Joel Magid, the Portland musician who earlier this month announced via Facebook that he'd sexually assaulted someone appeared in an interview on KGW, and it's bad.
Magid admits to the assault he described in that post, but denied a second he's been accused of—an accusation that, it's worth noting, preceded his Facebook post (see below).
"I've paid for my one crime more than I think I expected to," he said at one point in the interview. To see public scrutiny as an excessive punishment for a crime says a lot about the way our legal system fails victims of sexual assault. It's a punishment of a kind, sure, but it's one that includes no legal ramifications—something that's all too common in the case of sexual assault. According to the Rape, Abuse, and Incest National Network, only 6 out of 1000 perpetrators of sexual assault will see prison time for it.

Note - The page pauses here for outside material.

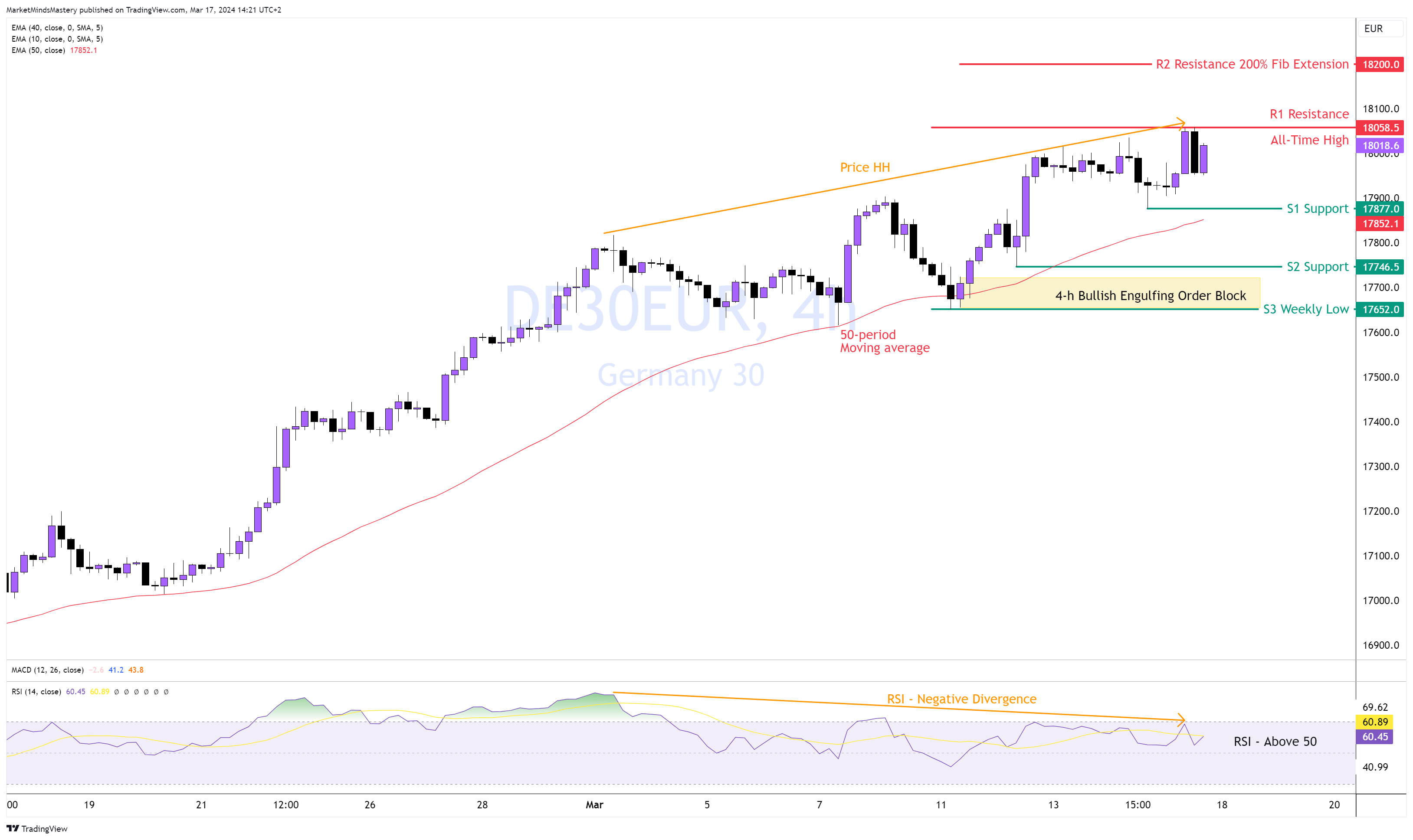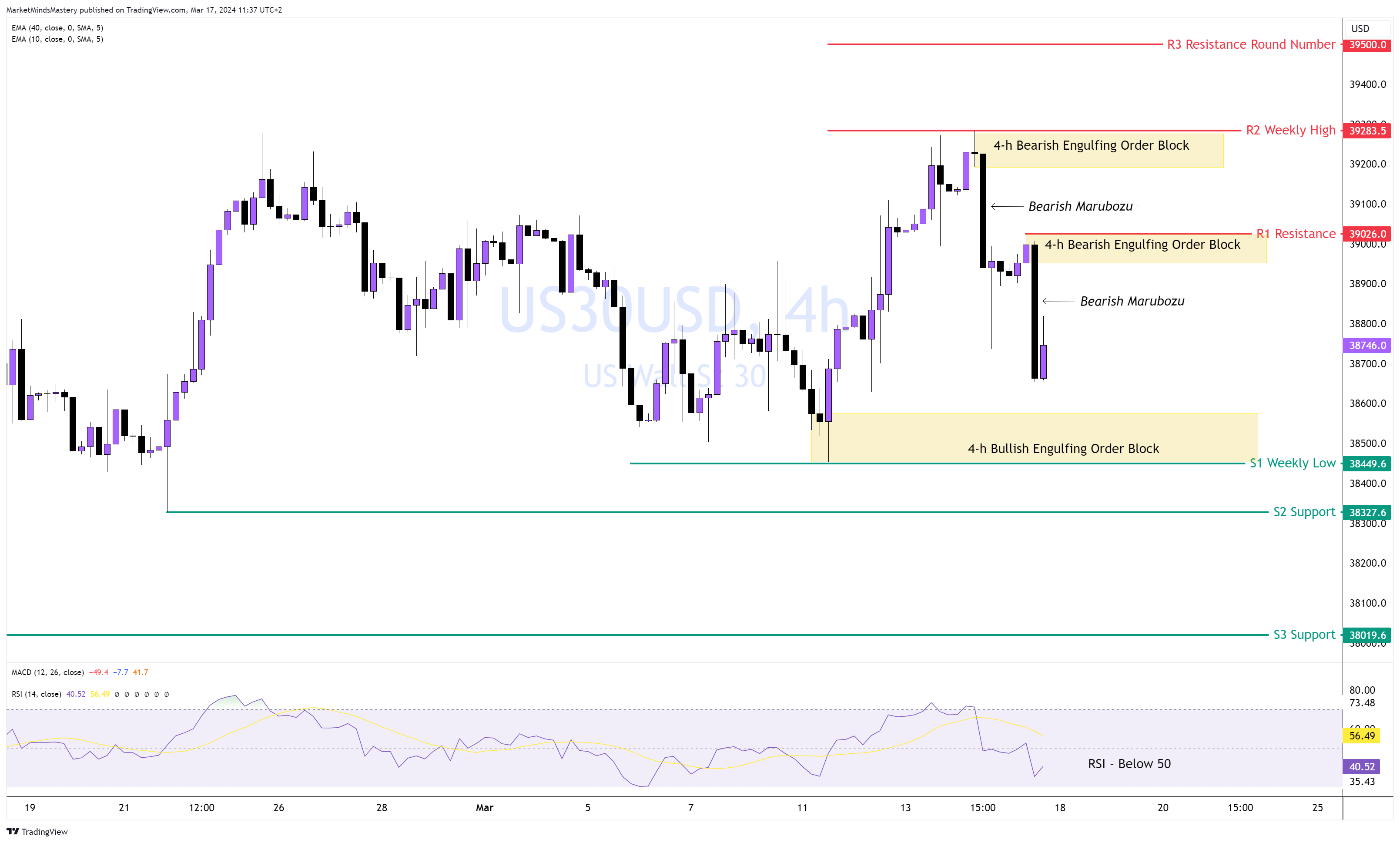 Nach einem erneuten Test des All-Time-Hochs in der vergangenen Woche bei 39280 fiel der Kurs mit einigen auffälligen langen bärischen Marubozu-Kerzen - beide Kerzen entstanden durch Order-Blöcke, wie auf dem Chart zu sehen ist. Der RSI liegt unter 50, was auf Verkaufsdruck im 4-Stunden-Zeitfenster hindeutet. Auf dem Tages-Chart hat sich eine equal top Kursformation gebildet, die von negativen RSI-Divergenzen begleitet wird, die bärische Implikationen haben.

But yes, tell me more about how criticism is an excessive punishment for a crime.
I could shout about rape statistics all day—how common it is, how rare false reports really are—but I don't have all day to hide in the whiskey and crying closet, and neither do you. Instead, here's Portland Mercury news reporter Doug Brown, who posted the following on Twitter in response to the interview—including some key transcription of material later deleted by KGW.
1 - I transcribed (& recorded some https://t.co/nF6TqtTzpO) @ChrisWillisKGW's intwv w/ sexual assaulter Joel Magid b4 @KGWNews took it down
— doug brown (@dougbrown8) September 22, 2016
2- here's how @ChrisWillisKGW framed a question to Joel Magid, about a woman who's long said he raped her: "These crazy claims" pic.twitter.com/gm1I6exmX4
— doug brown (@dougbrown8) September 22, 2016
Keep in mind, @ChrisWillisKGW, this woman has said Joel Magid raped her long before he made his Facebook apology for another sexual assault
— doug brown (@dougbrown8) September 22, 2016
4 - @ChrisWillisKGW you're framing the woman publicly describing her long-term trauma as a crazy opportunist.
— doug brown (@dougbrown8) September 22, 2016
5- @ChrisWillisKGW and you're framing EVERY potential survivor who may come forward with their story as a crazy opportunist
— doug brown (@dougbrown8) September 22, 2016
This problematic framing is also all too common, even from ostensibly serious journalists. From media handling of the Columbia rape case to the story of this botched rape investigation to school administrators' inadequate responses to sexual assault, we've seen it again and again: Victims are discredited by everyone from reporters to law enforcement to onlookers based on sweeping misunderstandings of what rape and sexual assault actually look like and how they affect people. Media narratives that reinforce these myths aren't just misleading: They have the potential to make victims less likely to come forward, for fear of not being believed. That interview is bonkers, yes, but it's also potentially dangerous.
But back to Doug, because KGW's response here also speaks volumes:
16 - @KGWNews I transcribed most the interview (and just paraphrased a number of @ChrisWillisKGW's bumbling questions). I can tweet that out
— doug brown (@dougbrown8) September 22, 2016
17 - you assholes are making me do this on my day off @KGWNews @ChrisWillisKGW
— doug brown (@dougbrown8) September 22, 2016
18- @KGWNews I'm putting my transcript/notes of @ChrisWillisKGW's Joel Magid interview in a publicly available Google Doc right now.